As the doomsayers may say, ‘we might not have long’ and with the ever increasing need for efficiency, we’ll keep this short:
- Costs claimed = £241,817, including a success fee in respect of the solicitors’ costs of 60%, counsel of 75% and an ATE premium of £58,000 plus IPT of £3,480
- On detailed assessment, subject to the outstanding issue of proportionality, success fees of solicitors and counsel were allowed at 33 per cent and the ATE premium was allowed as claimed.
- A line by line assessment of the whole bill based on what was ‘reasonable’ resulted in overall assessment of £167,389.45
Master Gordon-Saker had to consider how the Court should go about applying the test of proportionality to those additional liabilities that remain recoverable under new agreements post-April 2013, and decided that:
- The ‘new’ test of proportionality applies to additional liabilities where they remain recoverable after 01.04.13 and are not otherwise covered by the saving clause of CPR 44.3(7)
- When applying the new test of proportionality, contrary to the ‘old’ section 11.5 of the costs practice direction, additional liabilities are not to be assessed separately
Having assessed the bill on the basis of what was ‘reasonable’ Master Gordon-Saker turned his (one must assume) stern gaze upon the proportionality of the costs as assessed, and decided that the resulting assessment remained disproportionate to the various considerations under CPR 44.4(3).

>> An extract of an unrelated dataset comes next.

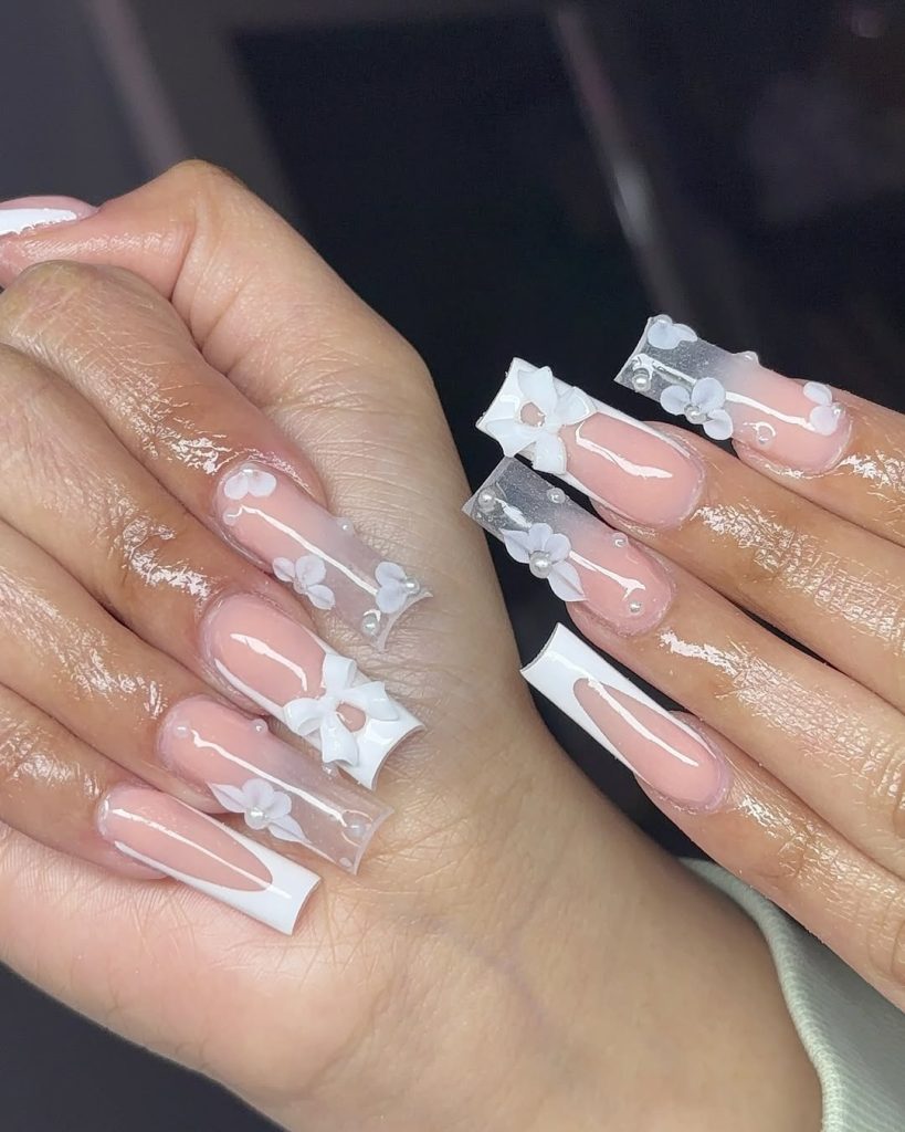 The design features a statement square French manicure adorned with 3D bows and blossoms.

Art and science have been left far behind; we have no need of instruments of fine degree now, such as paint brushes and scalpels, and Master Gordon-Saker would appear to have adopted his namesake and used a cannon to devastate the walls of reasonableness and advance the shock-and-awe force of proportionality.
The result was a further reduction in the region of 50% to the costs already assessed as reasonable, including a reduction of the same order on the ATE premium which again had otherwise been assessed as reasonable. So the receiving party would recover half of what had literally been decided as reasonable.
It is worrying to say the least that so much will rest upon the impression of the individual judge and their perception of costs in the particular type of action. It also begs the question whether there is good sense in actually assessing the costs (which in a great proportion of matters may well take several days) if it is permissible for the judge on conclusion to effectively all-but apply a tariff based on a subjective scale peculiar to the individual judge.
In some stark cases, such as the present, insisting on applying the test of proportionality on conclusion of the assessment rather than at the outset will waste substantial costs, where it is suspected that the outcome as to a ‘proportionate’ amount may well be in the mind of the judge at a point in time somewhere approaching the outset of the assessment.
What can you do?
- The importance of well-pitched Part 36 offers that stand a real chance of being beaten at trial and so attracting indemnity costs continues to increase. Make good offers
- If your case has been budgeted, monitor the budget and comply with it, and use the budget as the yard-stick of what is proportionate
- Keep a record of all the ways your opposite number’s conduct has served to increase costs
- Record on each occasion that you spend time in relation to issues that you did not expect to have to deal with, or where the time required is above and beyond what you would ordinarily expect
Question – Do you think this is how proportionality should work?